Nog een korte tijd

“Nog een korte tijd en gij zult Mij niet meer zien.”

Johannes 16, 17

Als de Trooster komt, de “Parakleet”, dan zullen de discipelen weer blij worden. Zo heeft Jezus beloofd in Johannes 16. “Uw droefheid zal tot blijdschap worden”. Nou, dat is mooi! Dat hebben ze ook wel nodig, die discipelen, want ondertussen zitten ze daar een beetje verweesd bij elkaar op die zondag na Hemelvaart. Niet voor niets wordt deze zondag ook wel “wezenzondag” genoemd. Die Trooster zal komen, als de Heer van hen is heengegaan. Daar wachten ze dus op. Jezus had gezegd: “Nog een korte tijd en gij ziet Mij niet meer, en nogmaals een korte tijd en gij zult Mij zien.” Ze zullen zich dus niet lang “verweesd” te hoeven voelen, want binnenkort zal Jezus weer bij hen zijn. Maar het duurt nu toch al een paar dagen en de discipelen wisten niet goed wat zij daar van denken moesten. Dus herhalen zij dit laatste woord van Jezus keer op keer als om zichzelf moed in te spreken. Trouwens, dat was heel gewoon voor de leerlingen van een Joodse rabbi, zo heb ik gelezen. Zij herhalen iets, als zij iets niet begrepen, totdat zij het begrepen!
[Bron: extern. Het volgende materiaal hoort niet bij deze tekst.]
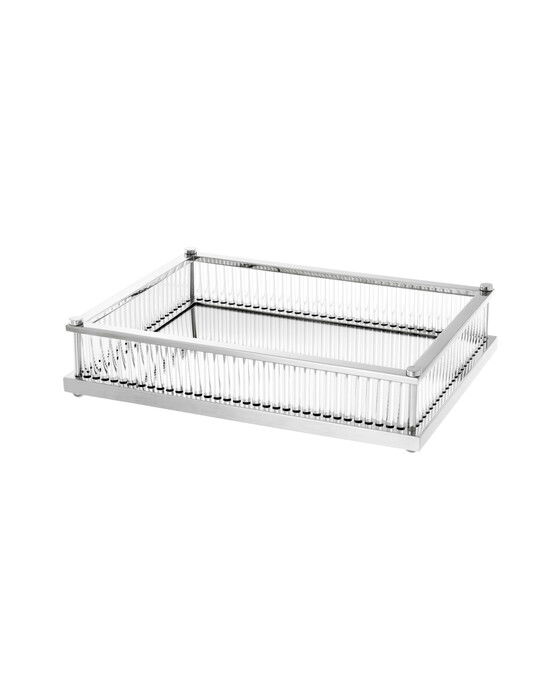 Denna bricka förenar modern design med tidlös finess. Den blanka silverfärgade ramen tillsammans med de klara glasdetaljerna skapar en känsla av raffinerad lyx. Spegelbottnen fångar upp och reflekterar ljus på ett sätt som förhöjer allt du placerar på den, oavsett om det är kristallglas, doftljus eller dekorativa föremål.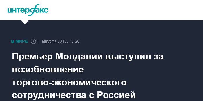 Москва. 1 августа. INTERFAX.RU - Премьер-министр Молдавии Валерий Стрелец высказался за восстановление сотрудничества и развитие отношений с Российской Федерацией.

Zij hadden het toen ook al niet begrepen, toen Jezus dit woord tot hen gesproken had.

“Wat betekent dit, dat Hij tot ons zegt: Nog een korte tijd en gij ziet Mij niet, en nog een korte tijd en gij zult Mij zien?” Zij begrijpen het niet, omdat de Heer vroeger had gezegd, dat Hij naar de Vader zou gaan en daar zou blijven, zo dachten ze. Dan hoefde Hij toch niet weer terug te komen? Dan was Hij toch weer “thuis” gekomen? En dan zou Hij later de discipelen ook bij Zich kunnen nemen in het “Huis met de vele woningen”, waar Hij hen plaats zou bereiden. Is het dat dan niet, wat Jezus bedoelt? “Wat is dit, dat Hij tot ons zegt: Nog een korte tijd; wij weten niet wat Hij bedoelt.” Jezus merkte op, dat zij Hem iets wilden vragen. En Hij herhaalt nu voor de derde keer dit voor de discipelen zo onbegrijpelijke woord: “Nog een korte tijd en gij ziet Mij niet, en nogmaals een korte tijd en gij zult Mij zien.” En dan legt Hij het uit: “Voorwaar, voorwaar, Ik zeg u, gij zult schreien en weeklagen, maar de wereld zal zich verblijden; gij zult u bedroeven, maar uw droefheid zal tot blijdschap worden.” Hiermee wordt het raadsel van de “korte tijd” niet opgelost, maar de Heer vult wel in wat er in de toekomst gaat gebeuren: er zal een tijd van grote droefenis komen voor de discipelen, maar een tijd van vreugde zal daarop volgen! Eerst droefenis, maar de wereld zal zich dan verblijden. Wie zijn dat, de wereld? Jezus heeft daar ongetwijfeld de wereld van Israël mee bedoeld, de wereld van priesters en Farizeeën. Daar zal vreugde zijn over de zo goed gelukte liquidatie van die lastige rabbi uit Nazareth. Maar voor de discipelen komen er dagen van teleurstelling en verdriet, wan t de ondergang van de Meester is toch ook hun ondergang.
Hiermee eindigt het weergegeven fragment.